Bicycle helmet use was studied in this thesis prior to (2000-2001) and after (2003-2006) helmet legislation in Alberta. A significant increase in helmet use was observed post-legislation in Alberta by youth <18 (target age group for provincial legislation). St. Albert, an urban community in Alberta, implemented a by-law requiring cyclists of all ages to wear a helmet in 2006 and helmet wearing rose among youth <18; an encouraging but not statistically significant increase occurred among adults (18+).
We examined the rate of bicycling per unit of observation time pre- and post-legislation and demonstrated that bicycling activities among youth <18 decreased only in schools and commuter routes, with no change at other locations.
Since preventing head- and brain-related injuries is the main purposes of helmet wearing, the trend of bicyclist head injuries (HI) in Alberta was examined. Before doing so, in a reliability/validity study we demonstrated that bicycle injuries are coded in a reliable and valid manner in both ICD-9-CM and ICD-10-CA by emergency department (ED) coders.

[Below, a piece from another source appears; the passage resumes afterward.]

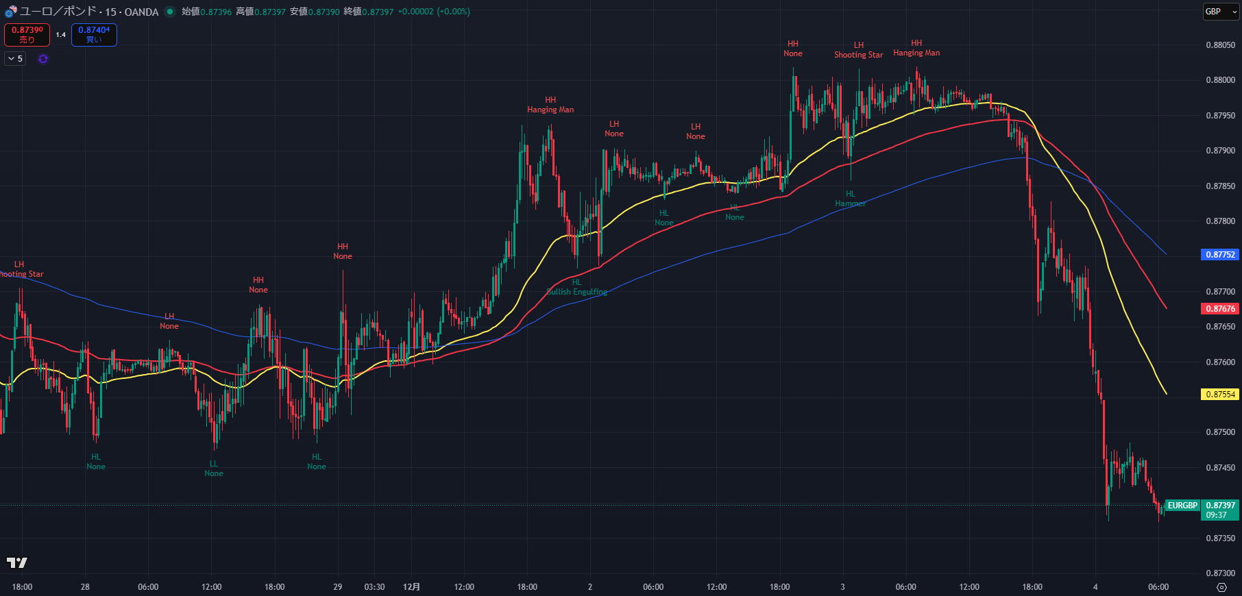 - 0.8780のサポートラインが崩壊した時点で、目線を「フラット」または「ショート」に切り替えるべき局面でした。
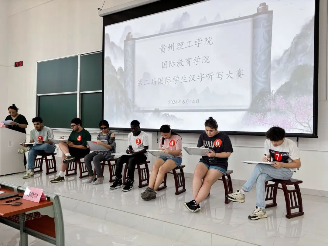 为进一步弘扬汉字文化,提升国际学生汉字书写能力,6月14日下午,国际教育学院成功举办了第二届国际学生汉字听写大赛。本次大赛吸引了来自13个国家的40名国际学生积极参与。国际教育学党总支书记李学明、副院长徐丽丹,教师代清萌、石丽菊、陈昊怡5人担任评委,我院教师黎娟担任大赛主持,我校省级普通话测试员孙雯担任主考官。

Examining the HI rates per 100,000 population and proportion of HI among bicyclists who presented to EDs or who were hospitalized, we demonstrated a significant decline among the legislated target age groups (<18) which was not obvious in adults. This decline was larger than expected, based on analysis of pedestrians with head injuries as a control group.
We conclude that helmet legislation increased bicycle helmet use and deceased bicycle-related head injuries among the target age groups in Alberta.